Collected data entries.
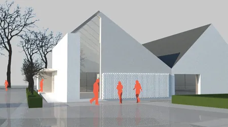 Igangværende ombygning af Asminderød sognegård i Fredensborg, og illustration af mulighed for senere udvidelse.
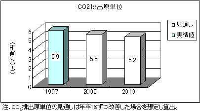 また、1997年度のCO2排出量の実績値は14.1万t-Cである。CO2排出量の見通しは2005年度で13.0〜13.8万t-C、2010年度で12.4〜13.6万t-Cである。自主行動計画を実施しない場合の2010年度における排出量の見通しは14.1〜15.5万t-Cである(事務局注:グラフでは、これら見通しの中間値を示した)。
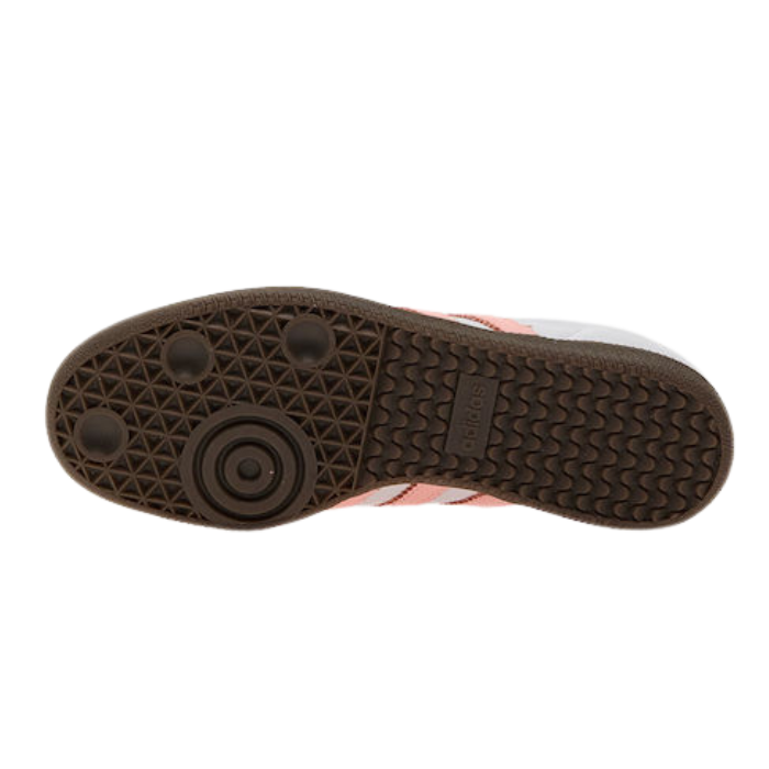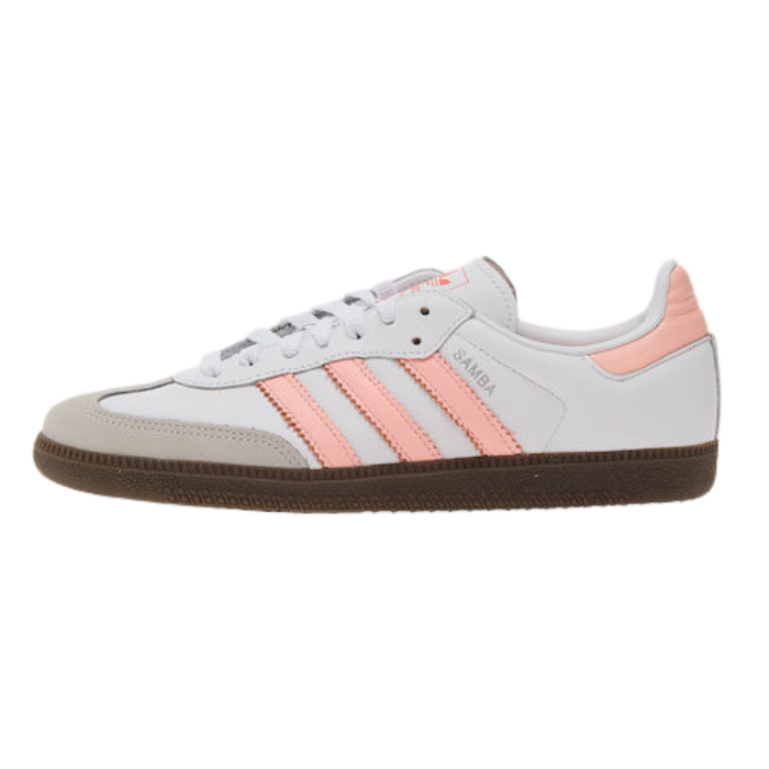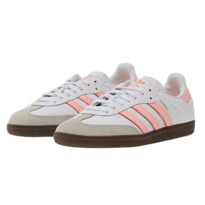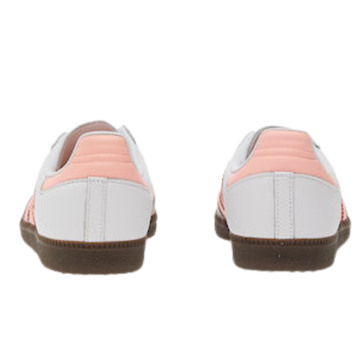 The Adidas Samba OG Wmns 'White Clear Semi Coral' features a smooth leather upper with nubuck toe cap for durability and classic style. Designed with agility and control in mind, it has a reinforced rubber sole for excellent traction. The white base brightens with subtle clear orange and semi coral accents, perfect for casual and streetwear looks.
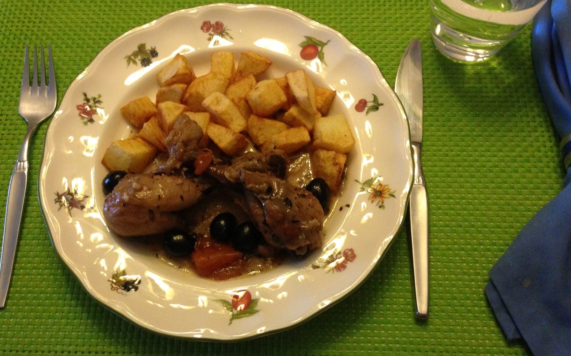 Hoy lo vamos a preparar con aceitunas negras y lo vamos a acompañar de patatas fritas o si prefieres puedes sustituir las patatas por una ensalada y tendrás un plato completo y nutritivo. Espero que os guste.
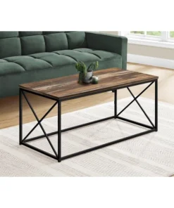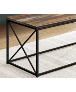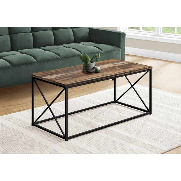 Inspired by clean lines and a simplistic, yet modern feel, this medium brown reclaimed wood-look and black metal coffee table offers a contemporary allure that will make you feel comfortable in your living room, office space or den. Featuring a smooth modern medium brown reclaimed wood-look table top finish which will brighten up your living space, while the X shaped black metal legs contrast and complement the table top. Add this stand-out center table to small home, condo, or apartment's decor collection now!
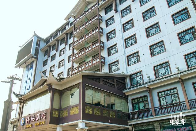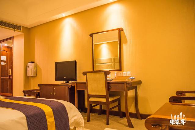 DAY1(9月15日、17日):【张家界纬地酒店 】两晚豪华大床房。位置蛮好的,就在天门山索道的对面,去天门山景区直接步行过去就可以了,索道线直接架在酒店上空,出行相当方便,距离荷花机场也近,而且门口、马路对面就有公交车站,4路公交车直接到有机场站,下站后,直走再左转就看见机场航站楼了,来去都方便,马路对面直接有“火车站--武陵源”小巴车,全程12元,武陵源汽车站距离张家界国家森林公园标志门门口就2公里,不高兴走路,武陵源汽车站那边还能坐1路公交车,直接送到门口。选择纬地酒店在来去交通上节约了不少路费,也不浪费时间。缺点:早餐略单调。不过酒店旁边有一条小街也有很多小饭店,吃的比较多,尤其是晚上各种烧烤小吃非常多,也很热闹。综合整体感觉绝对对得起这个价格,感觉超值,很满意。

What you have to do. Leave the pictures aside and give every entry above again word for word.

Response to the exercise.
 Igangværende ombygning af Asminderød sognegård i Fredensborg, og illustration af mulighed for senere udvidelse.
 また、1997年度のCO2排出量の実績値は14.1万t-Cである。CO2排出量の見通しは2005年度で13.0〜13.8万t-C、2010年度で12.4〜13.6万t-Cである。自主行動計画を実施しない場合の2010年度における排出量の見通しは14.1〜15.5万t-Cである(事務局注:グラフでは、これら見通しの中間値を示した)。
 The Adidas Samba OG Wmns 'White Clear Semi Coral' features a smooth leather upper with nubuck toe cap for durability and classic style. Designed with agility and control in mind, it has a reinforced rubber sole for excellent traction. The white base brightens with subtle clear orange and semi coral accents, perfect for casual and streetwear looks.
 Hoy lo vamos a preparar con aceitunas negras y lo vamos a acompañar de patatas fritas o si prefieres puedes sustituir las patatas por una ensalada y tendrás un plato completo y nutritivo. Espero que os guste.
 Inspired by clean lines and a simplistic, yet modern feel, this medium brown reclaimed wood-look and black metal coffee table offers a contemporary allure that will make you feel comfortable in your living room, office space or den. Featuring a smooth modern medium brown reclaimed wood-look table top finish which will brighten up your living space, while the X shaped black metal legs contrast and complement the table top. Add this stand-out center table to small home, condo, or apartment's decor collection now!
 DAY1(9月15日、17日):【张家界纬地酒店 】两晚豪华大床房。位置蛮好的,就在天门山索道的对面,去天门山景区直接步行过去就可以了,索道线直接架在酒店上空,出行相当方便,距离荷花机场也近,而且门口、马路对面就有公交车站,4路公交车直接到有机场站,下站后,直走再左转就看见机场航站楼了,来去都方便,马路对面直接有“火车站--武陵源”小巴车,全程12元,武陵源汽车站距离张家界国家森林公园标志门门口就2公里,不高兴走路,武陵源汽车站那边还能坐1路公交车,直接送到门口。选择纬地酒店在来去交通上节约了不少路费,也不浪费时间。缺点:早餐略单调。不过酒店旁边有一条小街也有很多小饭店,吃的比较多,尤其是晚上各种烧烤小吃非常多,也很热闹。综合整体感觉绝对对得起这个价格,感觉超值,很满意。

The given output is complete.